It's just a small Go program (in package main). The only thing of note is the //go:build constraint that tells the Go toolchain to ignore this file when building the project [3]. Indeed, gen.go is not a part of the package; it's in package main itself and is intended to be run with go generate instead of being compiled into the package.

The standard library has many examples of small programs intended to be invoked with go run that serve as generators.

The typical pattern is that 3 files are involved in code generation, and these all coexist in the same directory/package:

  • The source file contains some of the package's code, along with a magic comment to invoke a generator with go run.
  • The generator, which is a single .go file with package main; this generator is invoked by the go run in a magic comment from the source file to produce the generated file. The generator .go file will typically have a //go:build ignore constraint to exclude it from the build of the package itself.
  • The generated file is emitted by the generator; in some conventions it would have the same name as the source file, but followed by _gen (like pack.go --> pack_gen.go); alternatively it could be some sort of prefix (like gen). The code in the generated file is in the same package as the code in the source file. In many cases, the generated file contains some implementation details as unexported symbols; the source file can refer to this in its code because the two files are in the same package.

Of course, none of this is mandated by the tooling - it just describes a common convention; specific projects can be set up in a different way (where a single generator emits code for multiple packages, for example).

Advanced features

This section discusses some of the advanced or lesser used features of go generate.

The -command flag

This flag lets us define aliases for go:generate lines; this could be useful if some generator was a multi-word command that we wanted to shorten for multiple invocations.

The original motivation was likely to shorten go tool yacc to just yacc with:

//go:generate -command yacc go tool yacc

After which yacc could be invoked multiple times with just this 4-letter name instead of three words.

Interestingly, go tool yacc was removed from the core Go toolchain in 1.8, and I haven't found any usage of -command in either the main Go repository (outside of testing go generate itself) or the x/tools modules.

The -run flag

This flag is for the go generate command itself, used to select which generators to run. Recall our simple example where we had 3 invocations of samplegentool in the same project.

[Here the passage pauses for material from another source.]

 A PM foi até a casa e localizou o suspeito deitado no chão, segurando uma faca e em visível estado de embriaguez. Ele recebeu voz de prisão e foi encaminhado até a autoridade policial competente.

We can select only one of them to run with the -run flag:

$ go generate -run multi ./...
Running samplegentool go on mypack.go
  cwd = /tmp/mymod/mypack
  os.Args = []string{"samplegentool", "arg1", "multiword arg"}
   GOARCH = amd64
   GOOS = linux
   GOFILE = mypack.go
   GOLINE = 3
   GOPACKAGE = mypack
   DOLLAR = $

The utility of this should be obvious for debugging: in a large project with multiple generators, we often want to run only a subset for debugging / quick edit-run loop purposes.

DOLLAR

Of the env vars auto-magically passed into generators, one stands out - DOLLAR. What is it for? Why dedicate an env var to a character? There is no use of this env var in the Go source tree.

The origin of DOLLAR can be traced to this commit by Rob Pike. As the change description says, the motivation here is passing the $ char into a generator without complicated shell escaping. This is useful if go generate invokes a shell script or something that takes a regexp as an argument.

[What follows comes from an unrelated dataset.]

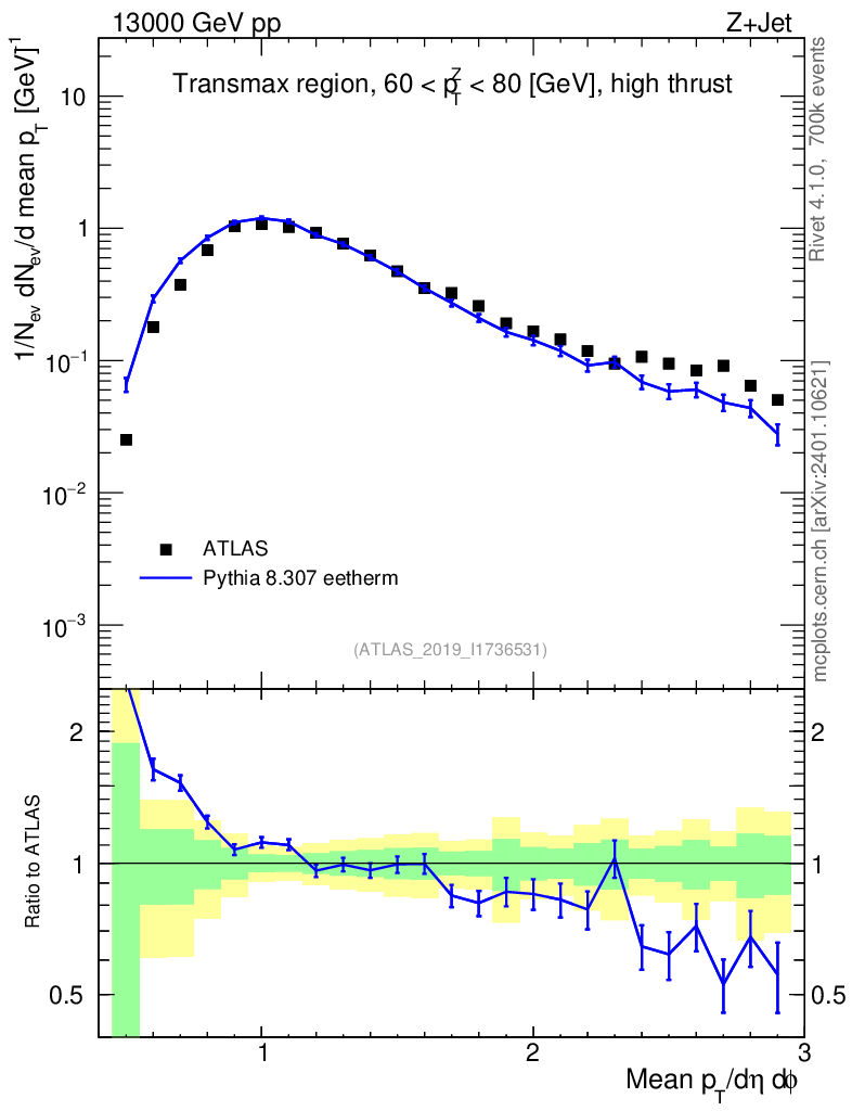 Lines: data, pythia8 8.307 eetherm |

The effect of DOLLAR can be observed with our samplegentool generator. If we change one of the magic comments to:

//go:generate samplegentool arg1 $somevar

The generator reports its arguments to be

os.Args = []string{"samplegentool", "arg1", ""}

This is because $somevar is interpreted by the shell as referencing the somevar variable, which doesn't exist so its default value is empty. Instead we can use DOLLAR as follows:

//go:generate samplegentool arg1 ${DOLLAR}somevar

And then the generator reports

os.Args = []string{"samplegentool", "arg1", "$somevar"}

[1]An alternative approach is place a link to samplegentool in the GOBIN directory. If your GOBIN is not set, it defaults to GOPATH/bin. If GOPATH is not set either (which is what I do, since I'm all in on modules), it should be in $HOME/go/bin.
[2]The sort package is a very interesting example, because it actually parses the code of the package using go/parser and go/ast and uses that as a basis for generating an alternative version. This approach may change with CL 353069, though.
[3]Looking at real-world examples of build constraints you'll likely see // +build ignore instead. This is the older syntax which was superseded by the go:build syntax in Go 1.17. For the time being, most generators will likely include both kinds of constraints, to support building with Go 1.16 and earlier, as well as future-proofing for upcoming releases.